§ Task: Give back the data exactly, with no images.

§ Collected data:
■ ■ ■ ■

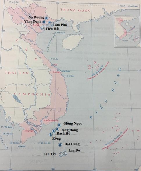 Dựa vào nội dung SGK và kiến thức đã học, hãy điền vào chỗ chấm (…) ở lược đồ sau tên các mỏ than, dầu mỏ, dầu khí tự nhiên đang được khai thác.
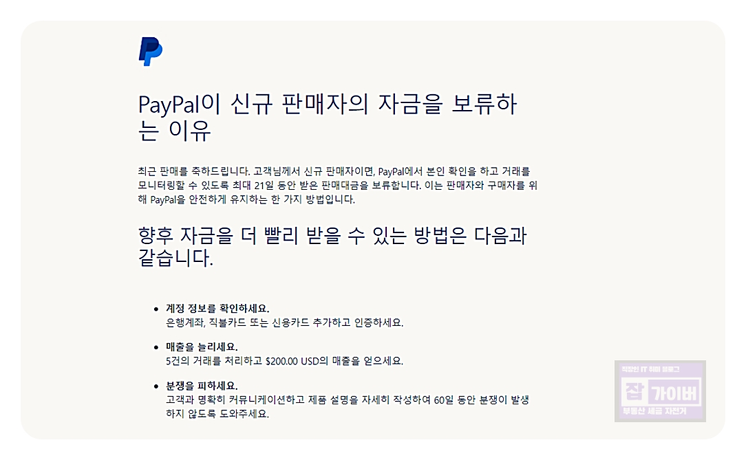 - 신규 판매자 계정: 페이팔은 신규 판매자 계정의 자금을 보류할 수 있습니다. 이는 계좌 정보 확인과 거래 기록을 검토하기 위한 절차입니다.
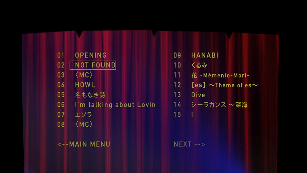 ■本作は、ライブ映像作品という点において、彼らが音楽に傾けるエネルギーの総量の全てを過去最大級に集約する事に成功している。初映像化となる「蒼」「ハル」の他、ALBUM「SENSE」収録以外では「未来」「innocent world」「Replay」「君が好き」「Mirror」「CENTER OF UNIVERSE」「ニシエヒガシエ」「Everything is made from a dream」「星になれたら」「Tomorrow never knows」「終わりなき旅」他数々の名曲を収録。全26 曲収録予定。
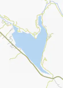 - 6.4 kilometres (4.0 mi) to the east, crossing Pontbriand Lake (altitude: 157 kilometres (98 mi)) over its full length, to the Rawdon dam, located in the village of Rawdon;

■ ■ ■ ■

§ Finished exercise:
 Dựa vào nội dung SGK và kiến thức đã học, hãy điền vào chỗ chấm (…) ở lược đồ sau tên các mỏ than, dầu mỏ, dầu khí tự nhiên đang được khai thác.
 - 신규 판매자 계정: 페이팔은 신규 판매자 계정의 자금을 보류할 수 있습니다. 이는 계좌 정보 확인과 거래 기록을 검토하기 위한 절차입니다.
 ■本作は、ライブ映像作品という点において、彼らが音楽に傾けるエネルギーの総量の全てを過去最大級に集約する事に成功している。初映像化となる「蒼」「ハル」の他、ALBUM「SENSE」収録以外では「未来」「innocent world」「Replay」「君が好き」「Mirror」「CENTER OF UNIVERSE」「ニシエヒガシエ」「Everything is made from a dream」「星になれたら」「Tomorrow never knows」「終わりなき旅」他数々の名曲を収録。全26 曲収録予定。
 - 6.4 kilometres (4.0 mi) to the east, crossing Pontbriand Lake (altitude: 157 kilometres (98 mi)) over its full length, to the Rawdon dam, located in the village of Rawdon;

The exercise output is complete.